Every day, over 2 billion photos are shared across Facebook, Instagram, Messenger, and WhatsApp. And that number is growing ever larger as mobile phones, selfie sticks, consumer drones, and other devices make taking and sharing photos and videos easier and more fun. Unfortunately, participating in more image-based social interactions poses obvious challenges for people who are blind or severely visually impaired, leading many to feel frustrated and excluded because they cannot fully participate in conversations sparked by photos others have posted.

In the April 2015 issue of AccessWorld, we spoke with Facebook Accessibility Team founder Jeff Wieland and accessibility engineer Ramya Sethuraman about the social network's ongoing commitment to accessibility. At the time, one of Facebook's latest accessibility features was the Dynamic Alt Text Generator, which offered some accessibility to photos and videos by gathering all the metadata a user supplies and combining it to generate a caption that tells a more complete story.

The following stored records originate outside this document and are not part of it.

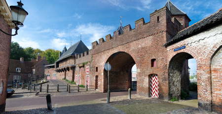 Medieval fortress city wall gate Koppelpoort and Eem River in the city of Amersfoort, Netherlands
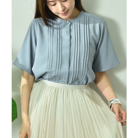 これからのシーズンに嬉しいメリット付きで、肌触りの良いポリエステル生地を使用。フロントにさりげなくパール釦をあしらい、上品なピンタックデザインが目を惹くブラウス。ネックレスなどアクセサリーが無くても顔回りを華やかに演出してくれます。身体から程よく離れるサイジングで体型カバーにもなり、シワになりにくく透け感の少ない素材なのもおススメなポイント。
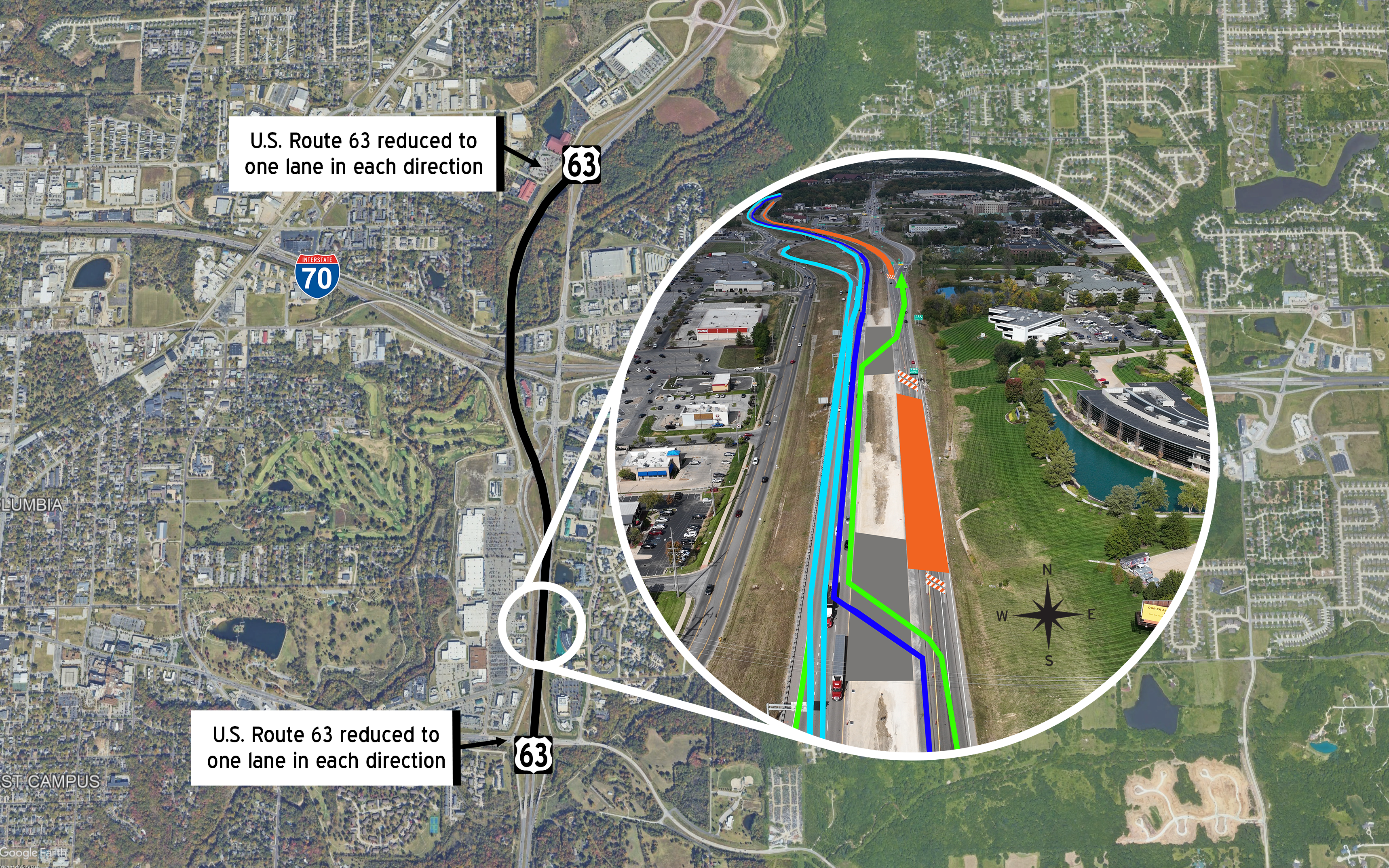 Those who travel this area frequently, particularly southbound motorists, will see little change as entering and exiting the work zone will remain the same. However, northbound motorists continuing north on U.S. Route 63 will need to remain in the left lane between the Broadway overpass and the Conley underpass. The right lane will change to exit only to the I-70/U.S. Route 63 connector.
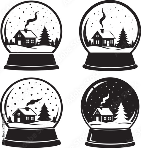 © SALMA, Fototapeta premium Four vintage christmas snow globe scenes silhouette
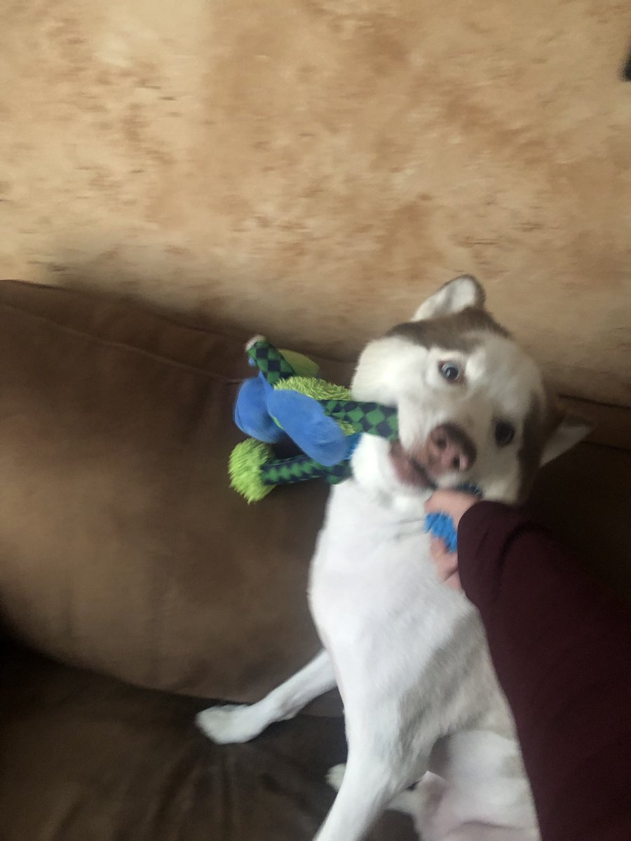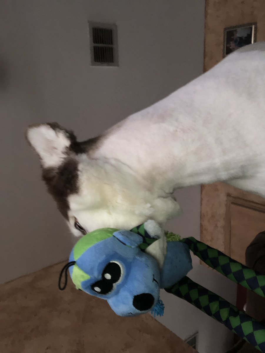 ▼幸好JoJo是一隻很隨性的狗狗,沒有太在意自己的新造型。第二天早上,牠醒來後像往常一樣玩玩具,還求Hannah和牠一起玩。
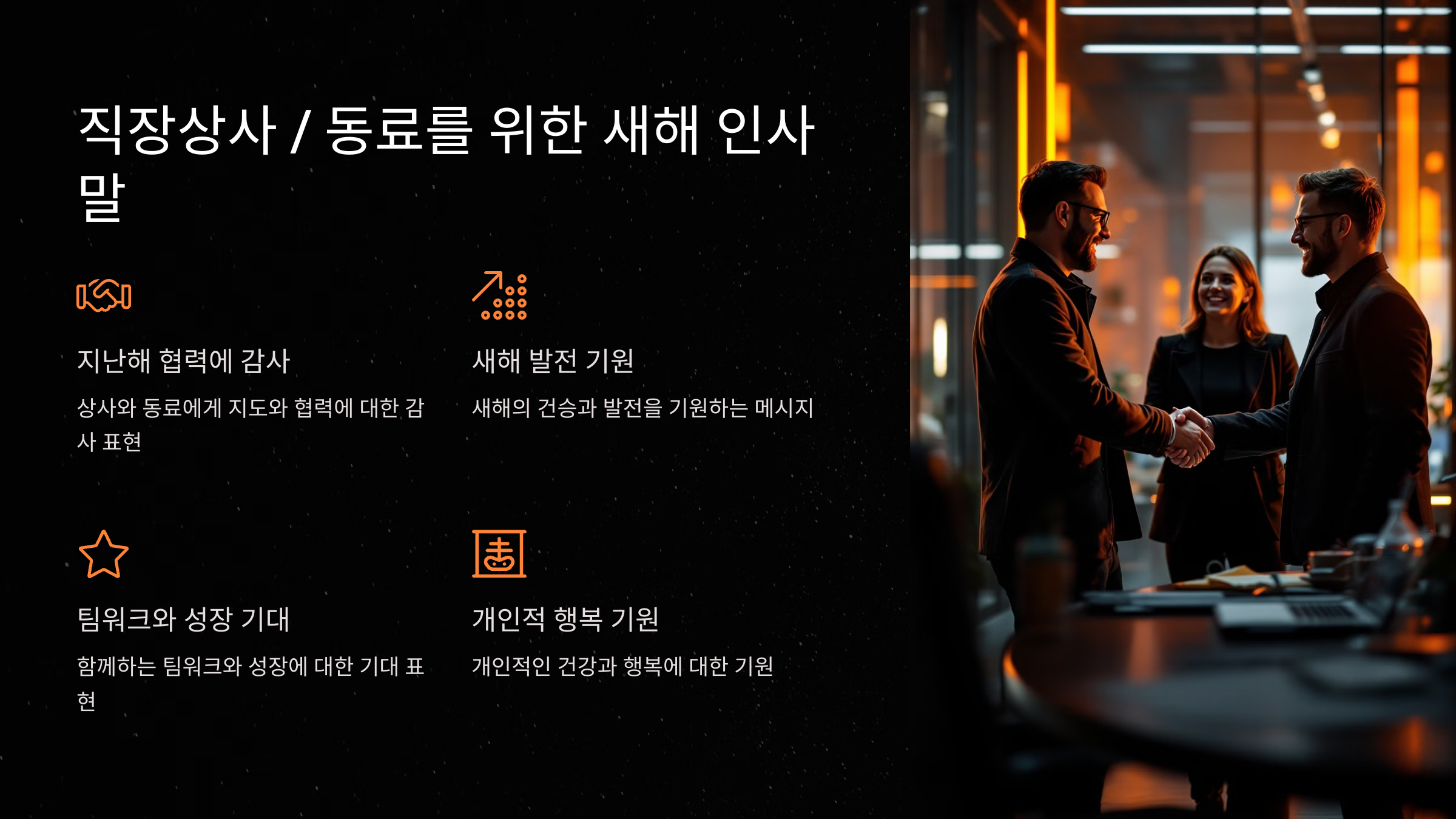 2025년 새해맞이 직장상사 인사말 추천. 대표님, 부장님, 팀장님, 이사님 등 다양한 직급별 새해 인사와 함께 업무 적 예의를 갖춘 권위 있는 인사말을 소개합니다. 정중하고 진정성 있는 새해인사 작성 노하우를 알려드립니다.
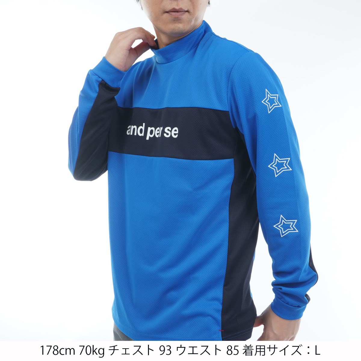 スポーティな印象の胸元切替デザインに加え、左袖部分にand per se 2025秋冬シーズンモチーフの星プリントを施しています。
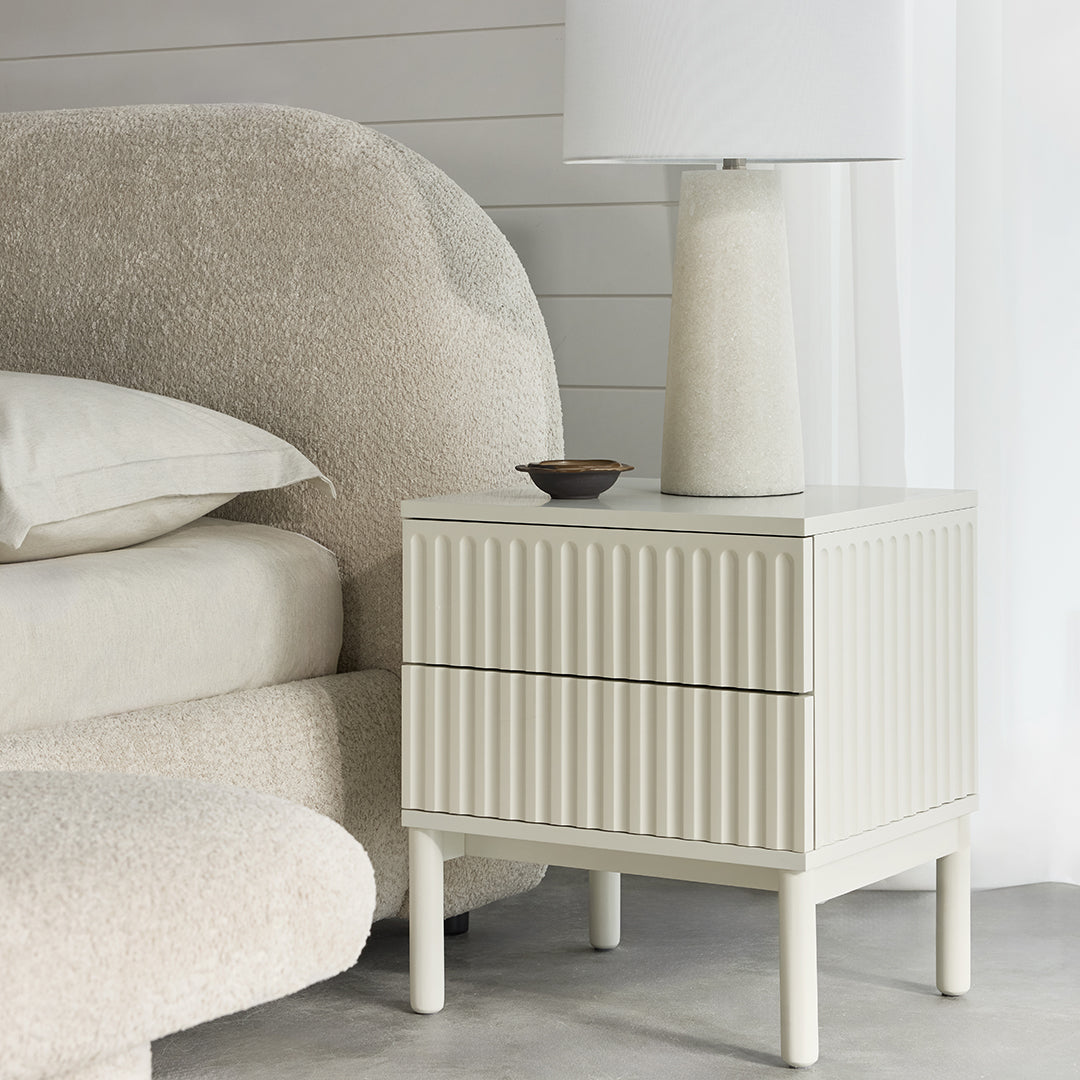 Your cozy oasis is within reach. Add the Lila nightstand in cream white wood to give your bedroom a bright and soothing look. Its rectilinear structure with a textured façade is set on tubular legs for a subtly retro look that’s effortless to style. Store your essentials with ease in its two drawers.
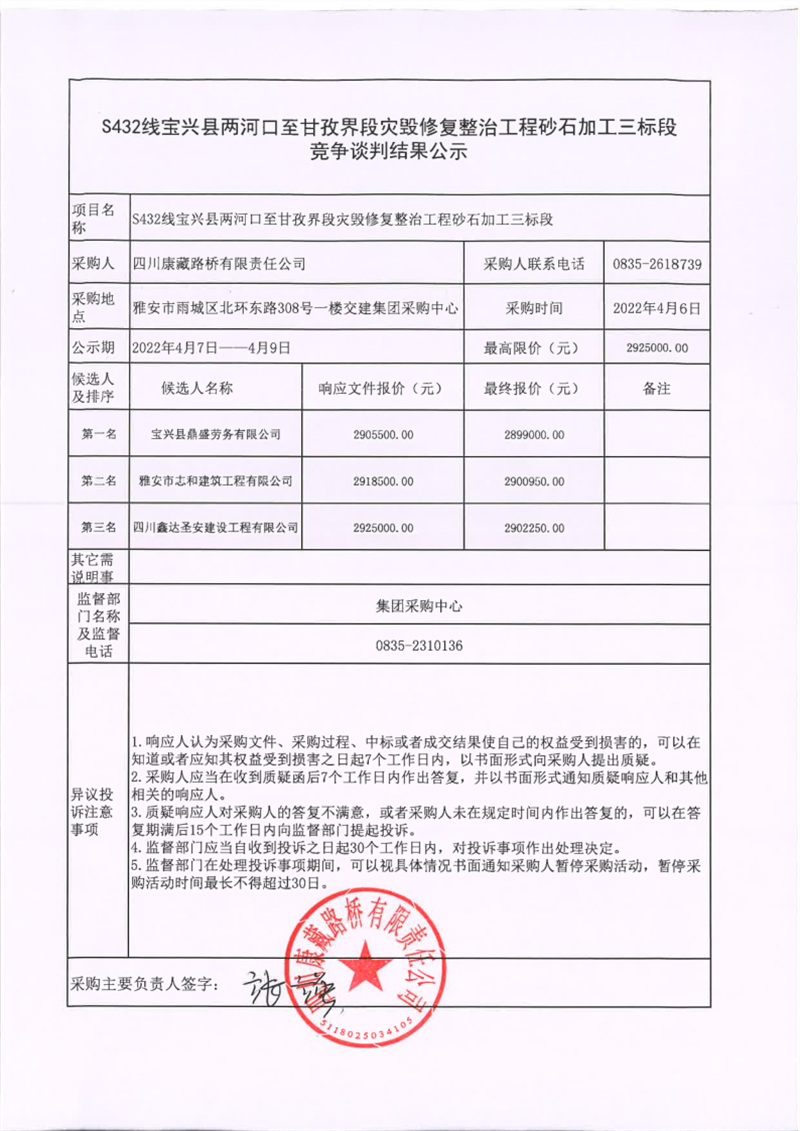 四川康藏路橋有限責(zé)任公司S432線寶興縣兩河口至甘孜界段災(zāi)毀修復(fù)整治工程砂石加工三標(biāo)段競(jìng)爭(zhēng)談判結(jié)果公示

Recently, Facebook took an interesting new tack, replacing the Dynamic Alt Text Generator with a more powerful feature called Automatic Alternative Text, which is currently available on both their iOS and Android apps.

"Automatic Alternative Text (AAT) is a major step towards creating equal access to information, demonstrating just how much we care about our commitment to connecting everyone," says Wieland, who arranged a question and answer session with one of the newest members of the Facebook Accessibility Team, information scientist and project lead Shaomei Wu.

AW: Can you begin by describing a bit of the groundwork behind your project?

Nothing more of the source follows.